Hi I want to work around a ‘bug’ in certain RSS-feeds, which use an incorrect namespace for the mediaRSS module. I tried to do it by manipulating the DOM programmatically, but using XSLT seems more flexible to me.
Example:
<media:thumbnail xmlns:media="http://search.yahoo.com/mrss" url="http://www.suedkurier.de/storage/pic/dpa/infoline/brennpunkte/4311018_0_merkelxI_24280028_original.large-4-3-800-199-0-3131-2202.jpg" />
<media:thumbnail url="http://www.suedkurier.de/storage/pic/dpa/infoline/brennpunkte/4311018_0_merkelxI_24280028_original.large-4-3-800-199-0-3131-2202.jpg" />
Where the namespace must be http://search.yahoo.com/mrss/ (mind the slash).
This is my stylesheet:
<?xml version="1.0" encoding="UTF-8"?>
<xsl:stylesheet version="1.0"
xmlns:xsl="http://www.w3.org/1999/XSL/Transform">
<xsl:template match="//*[namespace-uri()='http://search.yahoo.com/mrss']">
<xsl:element name="{local-name()}" namespace="http://search.yahoo.com/mrss/" >
<xsl:apply-templates select="@*|*|text()" />
</xsl:element>
</xsl:template>
</xsl:stylesheet>
Unfortunately the result of the transformation is an invalid XML and my RSS-Parser (ROME Library) does not parse the feed anymore:
java.lang.IllegalStateException: Root element not set
at org.jdom.Document.getRootElement(Document.java:218)
at com.sun.syndication.io.impl.RSS090Parser.isMyType(RSS090Parser.java:58)
at com.sun.syndication.io.impl.FeedParsers.getParserFor(FeedParsers.java:72)
at com.sun.syndication.io.WireFeedInput.build(WireFeedInput.java:273)
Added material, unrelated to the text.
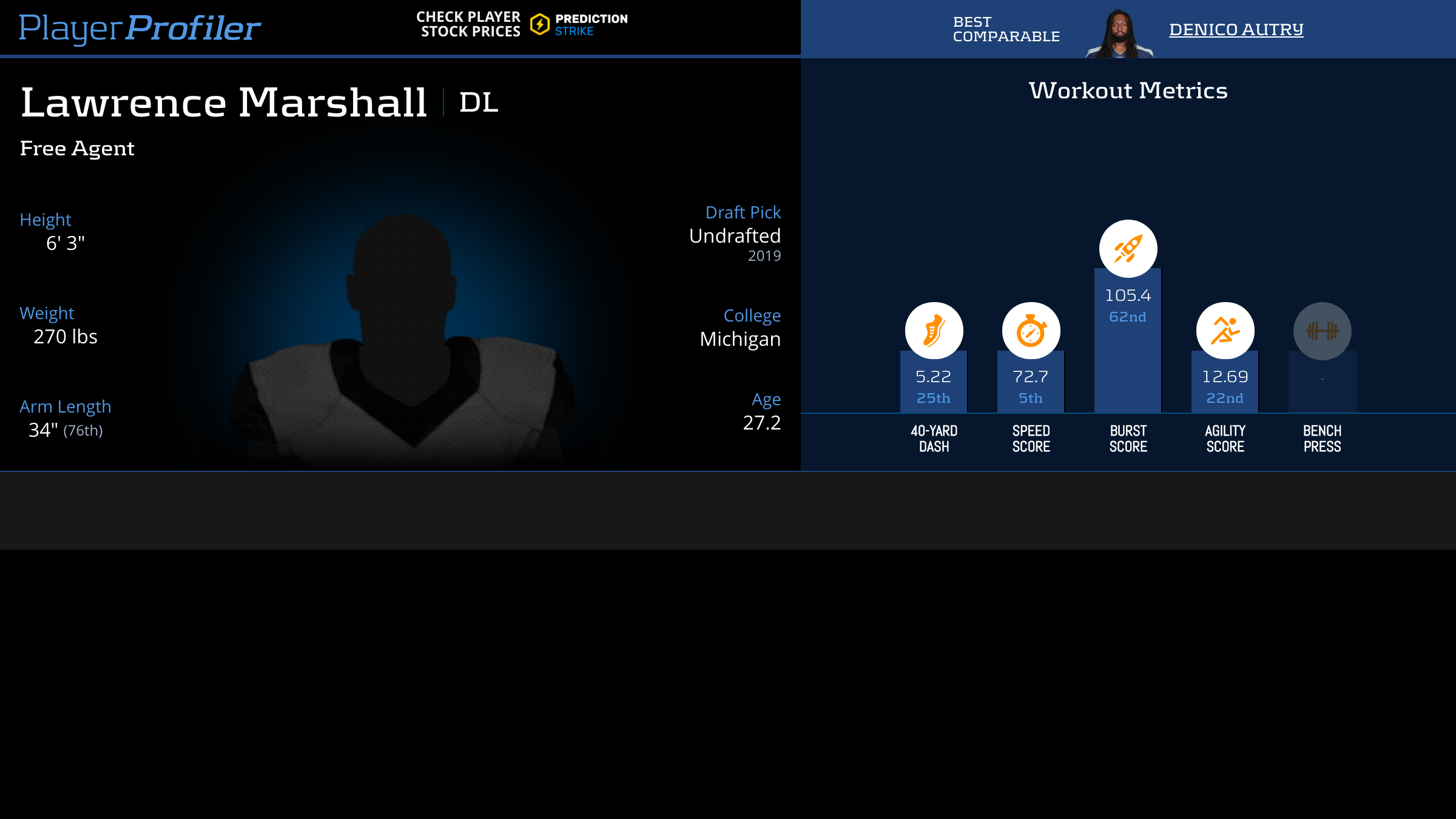 Download all Lawrence Marshall advanced stats and metrics with Data Analysis.

at com.sun.syndication.io.WireFeedInput.build(WireFeedInput.java:251)
... 8 more
What is wrong with my stylesheet?
You have half of the solution in your stylesheet.
You have put in a template to match (and correct) the elements with the wrong Media RSS namespace, but you don’t have anything to match the other elements/attributes in the RSS feed.
The built-in template rules are matching the rest of the document nodes, which will only copy the text nodes into the output. That does not preserve the original RSS feed’s XML and produces output that is not valid RSS XML structure.
Adding an identity transform template will ensure that the other nodes and attributes get copied into the output and will preserve the document content/structure.